Oil traders empty key crude storage hub as global demand booms
Oil traders are emptying one of the world’s largest crude storage facilities, located near the southernmost tip of Africa, as the physical market tightens amid booming demand and OPEC production cuts.
Total SA, Vitol Group and Mercuria Energy Group Ltd. are selling crude they hoarded in Saldanha Bay, South Africa, during the 2015-2016 glut when the market effectively paid traders to store oil, according to people familiar with the matter, who asked not to be named discussing private operations.
Crude demand is now seasonally outstripping supply, tightening the physical market for some crude varieties to levels not seen in the last two years and encouraging traders to sell their stored oil.
“The market is selling inventories from everywhere,” Mercuria CEO Marco Dunand said in an interview in Geneva.
Although largely unknown outside the oil trading industry, Saldanha Bay is one of the world’s largest crude storage facilities, with a capacity to hold 45 MMbbl in just six gigantic, partially-buried concrete tanks. By comparison, Cushing, the better-known U.S. oil storage center in Oklahoma that serves as the pricing point for the West Texas Intermediate oil benchmark, can hold about 75 MMbbl in more than 125 tanks.
Mercuria, which operates a blending operation at the South African terminal, has been offering cargoes from the facility, with China the likeliest destination, according to traders with knowledge of matter. Total has also been seeking tankers primarily to load Nigeria’s Escravos crude from its tank in Saldanha Bay. In addition, Vitol has been unwinding its crude stores at both Saldanha Bay and in northwest Europe, the traders said.
Vitol and Mercuria declined to comment on their Saldanha operations. Total didn’t immediately respond to a request for comment.
The structure of the Brent crude oil market has strengthened into so-called backwardation — when near-term prices are more expensive than those in later months, indicating tighter supply. For most of 2015, 2016 and earlier this year, the Brent market was in the opposite condition, known as contango, which encourages stockpiling. Contango allows traders to buy crude, put it into storage and lock-in a profit for a future sale by hedging forward.
“Backwardation is going to increase a bit,” Dunand said in the Sept. 15 interview. “We are seeing a reduction in global inventories, although we can see another build-up in the first quarter of next year,” he added.
Brent futures for next month have risen to a premium of about 30 cents a barrel to those the following month, meaning that timespread is in backwardation. In early July, that spread was in a contango of about 30 cents a barrel. Other key timespreads, including the price difference between the December 2017 and December 2018 contracts — a popular yardstick for measuring market conditions — have also moved into backwardation.
The shift of the Brent curve toward backwardation is “proof that the oil market is re-balancing,” said Amrita Sen, chief oil analyst at consultant Energy Aspects Ltd. in London. “Physical crude differentials are strong globally.”

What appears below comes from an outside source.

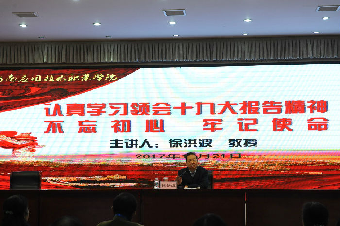 报告会上,徐洪波教授以《认真学习领会党的十九大报告精神,不忘初心,牢记使命》为主题,从三个方面阐述了党的十九大精神。他说,当前全社会兴起学习、贯彻、颂扬党的十九大精神的热潮。这主要是因为从历史和现实生活中,越来越多的人感受到,党的十九大不仅是党的大事,也是人民的大事、民族的大事。一要深刻领会党的十九大的意义。党的十九大是在全面建成小康社会决胜阶段、中国特色社会主义进入新时代的关键时期召开的一次十分重要的大会,是一次在新的历史起点上开启党和国家事业新征程的大会,是一次不忘初心、牢记使命、高举旗帜、团结奋进的大会。党的十九大报告是党的十八大以来我们党伟大实践和理论创新的结晶。要着重认清时间意义、理论意义和政治意义;二要深刻认识和把握十八大以来党和国家事业取得的历史性成就和实现的历史性变革,深刻领会中国特色社会主义进入新时代,深刻认识和把握我国社会主要矛盾发生变化的重大判断,深刻领会新时代赋予我们新的使命;三要把思想和行动统一到党的十九大精神上来,推动我们的各项工作取得更大的发展进步。

OPEC officials, along with other big oil producers including Russia, are gathering this week for a meeting to review progress on production curbs agreed last year. The review will help OPEC and non-OPEC oil ministers when they meet in Vienna on Nov. 30 to decide whether to extend their production cuts beyond March 2018.
After months of pessimism, some oil traders see the potential for higher prices next year. Asked at an industry conference in Geneva last week whether he would buy or sell Brent at $60/bbl on average next year, Trafigura Group CFO Christophe Salmon said: “I will buy that.”